+++ Dataset records

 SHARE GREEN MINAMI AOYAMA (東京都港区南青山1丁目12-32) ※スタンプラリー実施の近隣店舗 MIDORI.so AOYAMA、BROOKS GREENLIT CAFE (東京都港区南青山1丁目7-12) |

++++++
+++ Dataset records

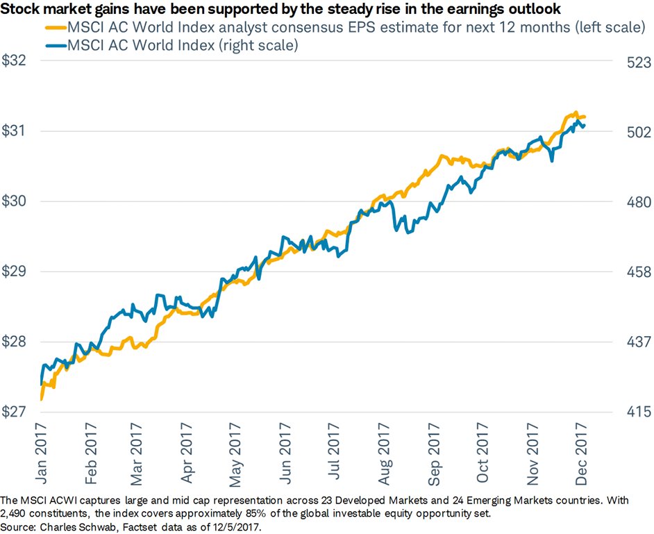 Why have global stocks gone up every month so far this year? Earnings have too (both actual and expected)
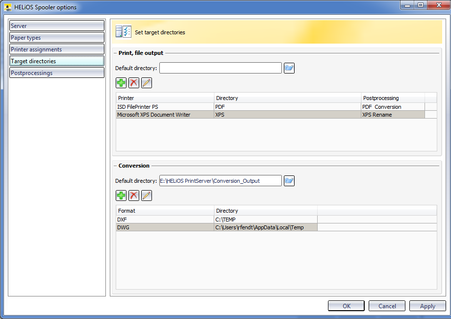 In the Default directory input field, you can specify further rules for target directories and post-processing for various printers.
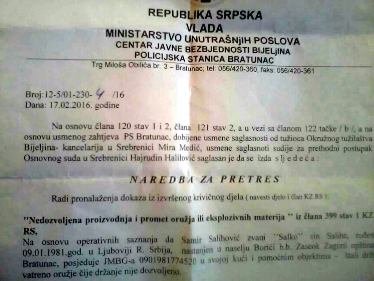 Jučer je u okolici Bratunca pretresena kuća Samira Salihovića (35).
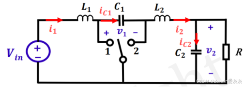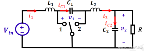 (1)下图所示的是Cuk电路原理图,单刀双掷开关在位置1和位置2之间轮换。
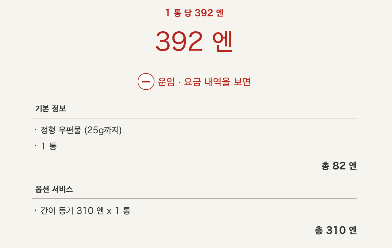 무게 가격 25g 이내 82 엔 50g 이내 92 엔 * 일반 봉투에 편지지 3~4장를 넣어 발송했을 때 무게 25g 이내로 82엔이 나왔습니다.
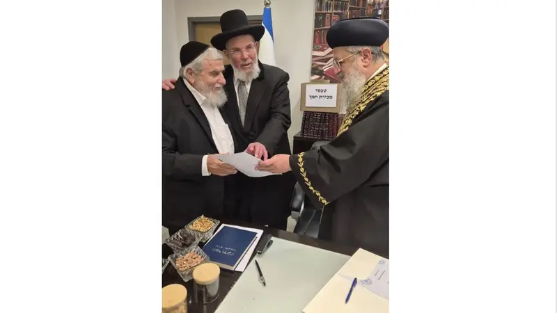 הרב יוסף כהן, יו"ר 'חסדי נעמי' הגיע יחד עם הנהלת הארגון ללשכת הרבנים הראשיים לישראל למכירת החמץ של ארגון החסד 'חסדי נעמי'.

++++++
+++ Dataset records

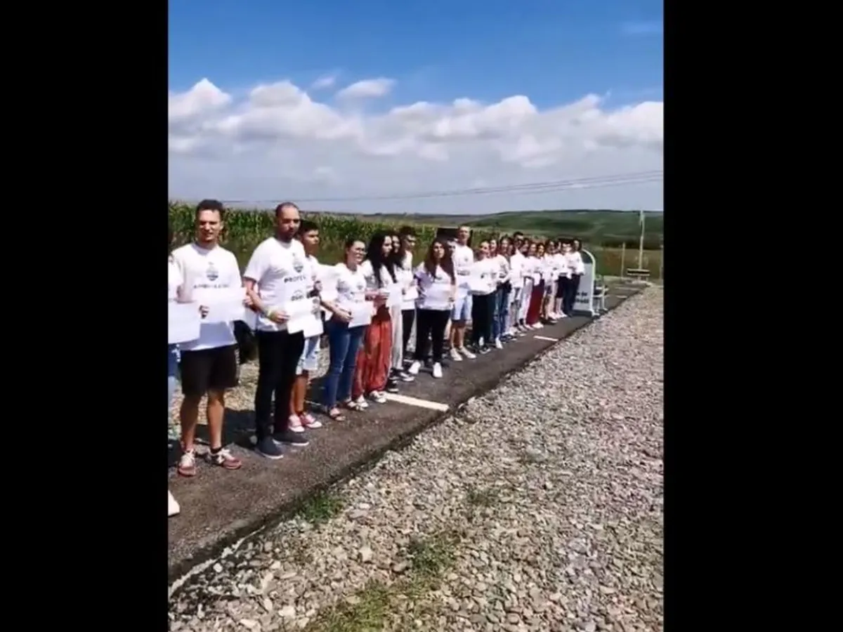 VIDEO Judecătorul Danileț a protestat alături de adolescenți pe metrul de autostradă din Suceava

++++++

▶ _Instructions for the task_
Beginning with the line holding "In the Default" in the material above, restate word for word each line through the line holding "החסד 'חסדי נעמי'.", and exclude pictures.

▶ _Solution to this problem_
 In the Default directory input field, you can specify further rules for target directories and post-processing for various printers.
 Jučer je u okolici Bratunca pretresena kuća Samira Salihovića (35).
 (1)下图所示的是Cuk电路原理图,单刀双掷开关在位置1和位置2之间轮换。
 무게 가격 25g 이내 82 엔 50g 이내 92 엔 * 일반 봉투에 편지지 3~4장를 넣어 발송했을 때 무게 25g 이내로 82엔이 나왔습니다.
 הרב יוסף כהן, יו"ר 'חסדי נעמי' הגיע יחד עם הנהלת הארגון ללשכת הרבנים הראשיים לישראל למכירת החמץ של ארגון החסד 'חסדי נעמי'.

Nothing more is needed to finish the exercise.